**The problem**.
Each line of the listing must be transcribed exactly, except for the images, which should be excluded.

======== Exercise data

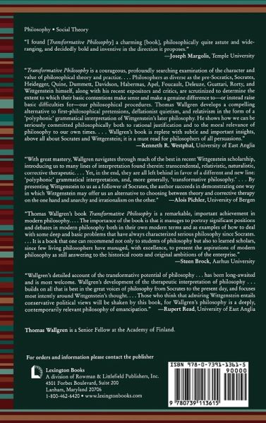 The cross-fruition between analytical philosophy and continental philosophical traditions has stimulated a wide-ranging debate about the role of philosophy and the use of argument and reason in culture. Through a discussion of salient themes in the analytical tradition, in the work of the later Wittgenstein, and in critical theory,Transformative Philosophy articulates a novel conception of philosophy as a transformative care for self and others.
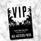 This black and white VIP badge features a bold silhouette design perfect for an outdoor concert or a party with a Coachella vibe. The front shows a crowd of concert-goers with their arms raised, surrounded by palm trees, creating a striking festival atmosphere. "VIP" is displayed at the top in a bold font, with the event name, date, and "All Access Pass" placed neatly at the bottom.
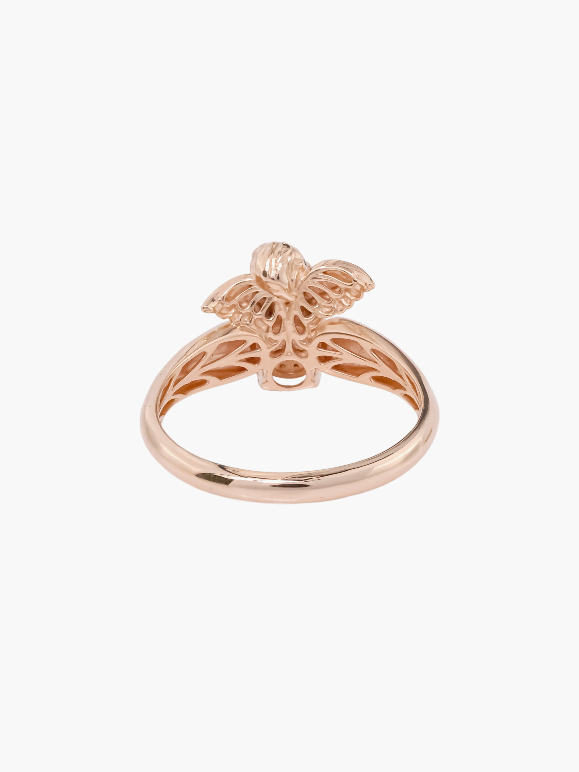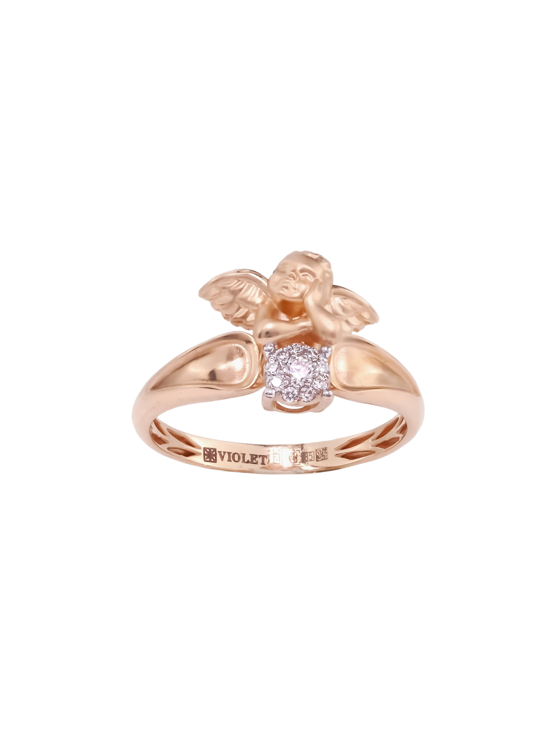 Изысканное кольцо из красного золота 585 пробы станет утонченным дополнением вашего образа или значимым подарком для близкого человека. Украшение из коллекции De Luxe — Купидоны отличается оригинальным дизайнерским решением: центральным элементом изделия является искусная фигурка купидона, символизирующая любовь и нежность. Гармоничный дуэт драгоценному металлу составляет композиция из 10 белых бриллиантов круглой формы, которые эффектно играют гранями, придавая кольцу особенное сияние.

================

**Completed task**.
 The cross-fruition between analytical philosophy and continental philosophical traditions has stimulated a wide-ranging debate about the role of philosophy and the use of argument and reason in culture. Through a discussion of salient themes in the analytical tradition, in the work of the later Wittgenstein, and in critical theory,Transformative Philosophy articulates a novel conception of philosophy as a transformative care for self and others.
 This black and white VIP badge features a bold silhouette design perfect for an outdoor concert or a party with a Coachella vibe. The front shows a crowd of concert-goers with their arms raised, surrounded by palm trees, creating a striking festival atmosphere. "VIP" is displayed at the top in a bold font, with the event name, date, and "All Access Pass" placed neatly at the bottom.
 Изысканное кольцо из красного золота 585 пробы станет утонченным дополнением вашего образа или значимым подарком для близкого человека. Украшение из коллекции De Luxe — Купидоны отличается оригинальным дизайнерским решением: центральным элементом изделия является искусная фигурка купидона, символизирующая любовь и нежность. Гармоничный дуэт драгоценному металлу составляет композиция из 10 белых бриллиантов круглой формы, которые эффектно играют гранями, придавая кольцу особенное сияние.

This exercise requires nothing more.